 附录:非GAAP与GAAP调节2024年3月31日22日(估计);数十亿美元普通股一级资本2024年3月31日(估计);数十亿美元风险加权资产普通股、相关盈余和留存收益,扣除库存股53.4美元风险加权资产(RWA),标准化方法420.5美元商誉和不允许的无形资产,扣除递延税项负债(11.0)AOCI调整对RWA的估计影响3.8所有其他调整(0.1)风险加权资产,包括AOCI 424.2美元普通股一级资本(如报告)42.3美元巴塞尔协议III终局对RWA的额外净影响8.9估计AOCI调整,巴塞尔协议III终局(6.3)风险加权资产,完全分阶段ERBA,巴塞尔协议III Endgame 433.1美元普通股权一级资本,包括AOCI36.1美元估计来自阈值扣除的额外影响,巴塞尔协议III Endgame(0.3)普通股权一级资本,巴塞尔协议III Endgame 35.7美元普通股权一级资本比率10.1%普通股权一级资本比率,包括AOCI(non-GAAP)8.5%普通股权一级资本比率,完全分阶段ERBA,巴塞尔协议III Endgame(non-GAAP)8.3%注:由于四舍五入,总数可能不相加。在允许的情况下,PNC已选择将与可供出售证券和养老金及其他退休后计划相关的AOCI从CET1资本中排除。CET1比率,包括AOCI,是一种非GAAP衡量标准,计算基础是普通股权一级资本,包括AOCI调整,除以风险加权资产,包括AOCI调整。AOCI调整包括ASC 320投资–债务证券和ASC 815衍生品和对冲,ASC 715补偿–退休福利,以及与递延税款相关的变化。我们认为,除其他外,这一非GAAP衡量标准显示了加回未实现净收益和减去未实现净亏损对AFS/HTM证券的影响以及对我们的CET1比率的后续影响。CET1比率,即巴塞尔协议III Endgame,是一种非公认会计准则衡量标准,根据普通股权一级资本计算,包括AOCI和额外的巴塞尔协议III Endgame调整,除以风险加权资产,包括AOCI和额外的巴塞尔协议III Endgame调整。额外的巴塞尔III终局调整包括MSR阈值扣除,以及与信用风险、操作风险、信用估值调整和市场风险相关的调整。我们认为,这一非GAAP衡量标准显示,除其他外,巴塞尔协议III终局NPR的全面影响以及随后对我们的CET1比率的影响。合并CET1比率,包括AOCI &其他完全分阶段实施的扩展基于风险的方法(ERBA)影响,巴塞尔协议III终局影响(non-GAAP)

-- -- --

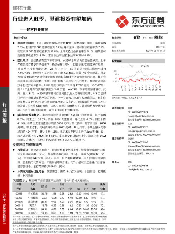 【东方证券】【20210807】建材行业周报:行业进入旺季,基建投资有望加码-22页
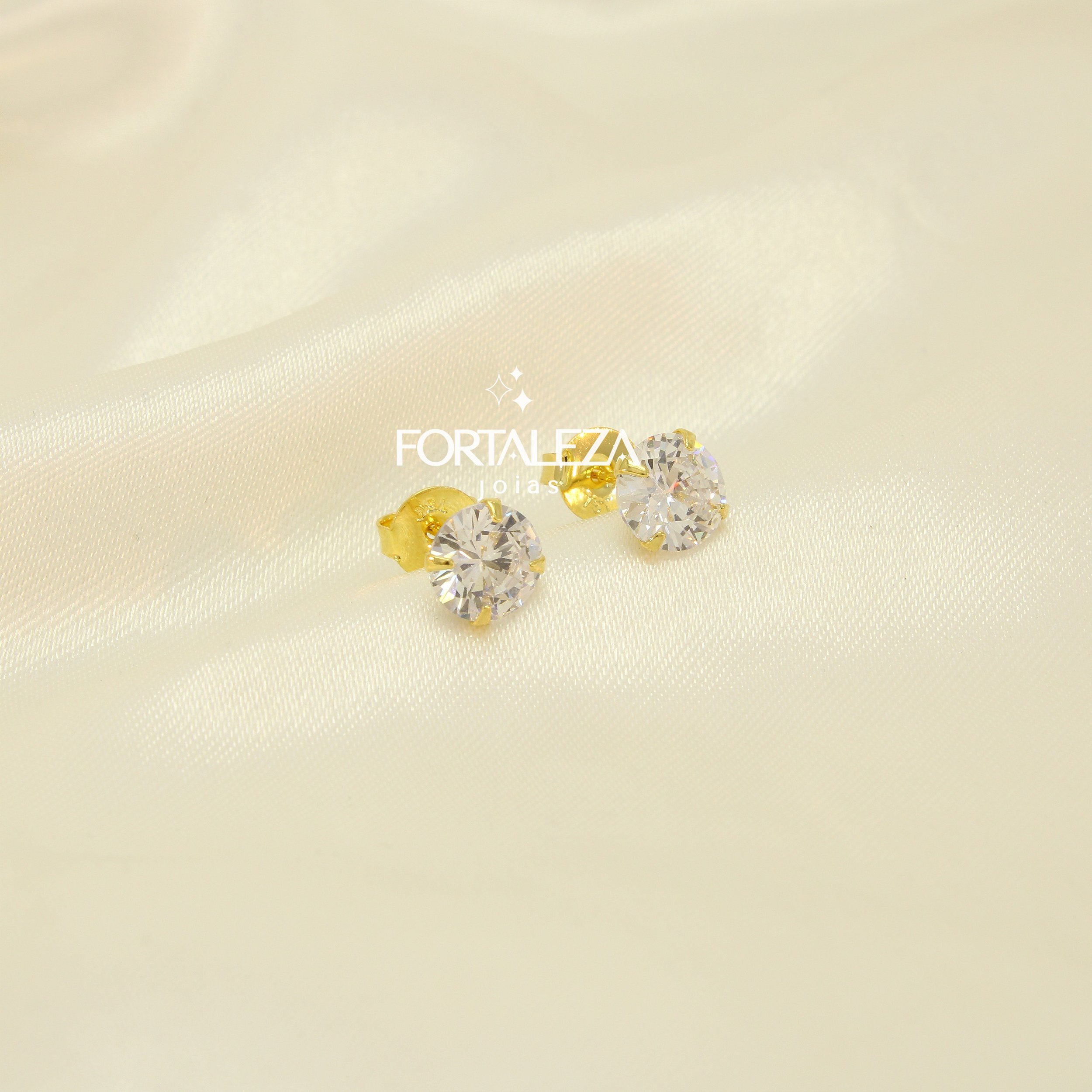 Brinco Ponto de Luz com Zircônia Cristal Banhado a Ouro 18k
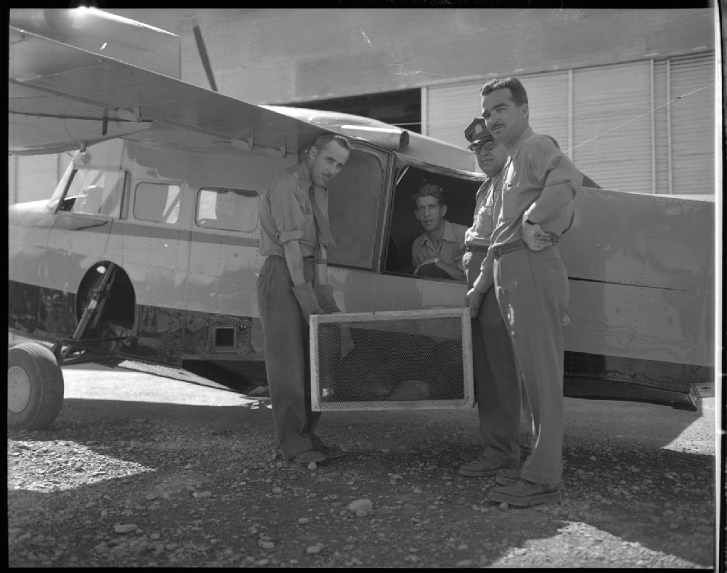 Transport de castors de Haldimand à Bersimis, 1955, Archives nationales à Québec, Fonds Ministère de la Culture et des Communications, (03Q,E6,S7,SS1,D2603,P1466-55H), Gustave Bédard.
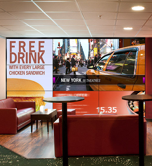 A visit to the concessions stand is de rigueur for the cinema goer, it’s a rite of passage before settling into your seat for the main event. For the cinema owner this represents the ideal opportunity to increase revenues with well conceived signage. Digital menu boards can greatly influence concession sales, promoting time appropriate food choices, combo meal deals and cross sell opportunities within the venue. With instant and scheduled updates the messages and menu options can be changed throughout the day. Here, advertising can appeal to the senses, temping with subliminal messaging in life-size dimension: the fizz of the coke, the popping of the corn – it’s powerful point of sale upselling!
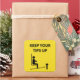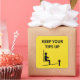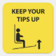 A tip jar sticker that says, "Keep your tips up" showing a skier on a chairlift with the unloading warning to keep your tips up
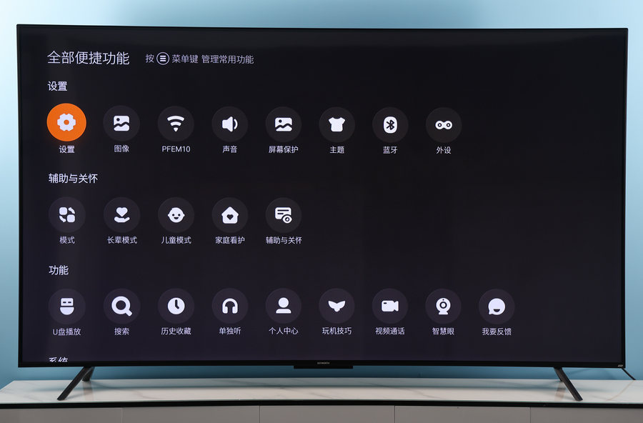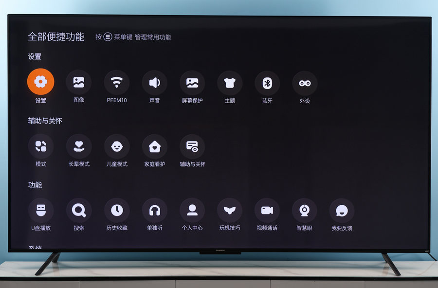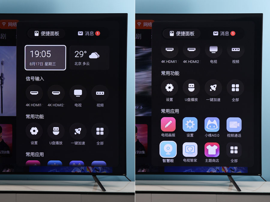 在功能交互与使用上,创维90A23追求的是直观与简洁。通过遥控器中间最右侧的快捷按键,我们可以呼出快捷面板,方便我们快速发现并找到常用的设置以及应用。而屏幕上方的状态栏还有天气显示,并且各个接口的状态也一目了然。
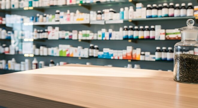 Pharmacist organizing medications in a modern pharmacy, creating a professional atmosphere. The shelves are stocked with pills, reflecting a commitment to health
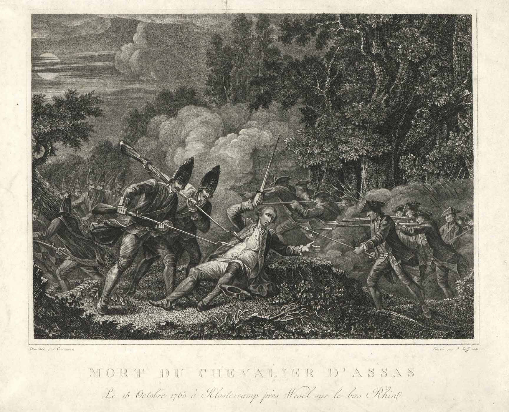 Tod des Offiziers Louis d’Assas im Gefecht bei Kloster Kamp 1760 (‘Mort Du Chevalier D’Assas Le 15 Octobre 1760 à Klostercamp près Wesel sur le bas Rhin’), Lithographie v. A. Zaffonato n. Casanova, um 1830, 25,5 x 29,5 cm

-- -- --

WORK REQUIRED —
Word for word, restate the lines above from the one with "Pharmacist organizing medications" through the one with "Tod des Offiziers", keeping both ends and dropping the pictures.

EXERCISE ANSWER —
 Pharmacist organizing medications in a modern pharmacy, creating a professional atmosphere. The shelves are stocked with pills, reflecting a commitment to health
 Tod des Offiziers Louis d’Assas im Gefecht bei Kloster Kamp 1760 (‘Mort Du Chevalier D’Assas Le 15 Octobre 1760 à Klostercamp près Wesel sur le bas Rhin’), Lithographie v. A. Zaffonato n. Casanova, um 1830, 25,5 x 29,5 cm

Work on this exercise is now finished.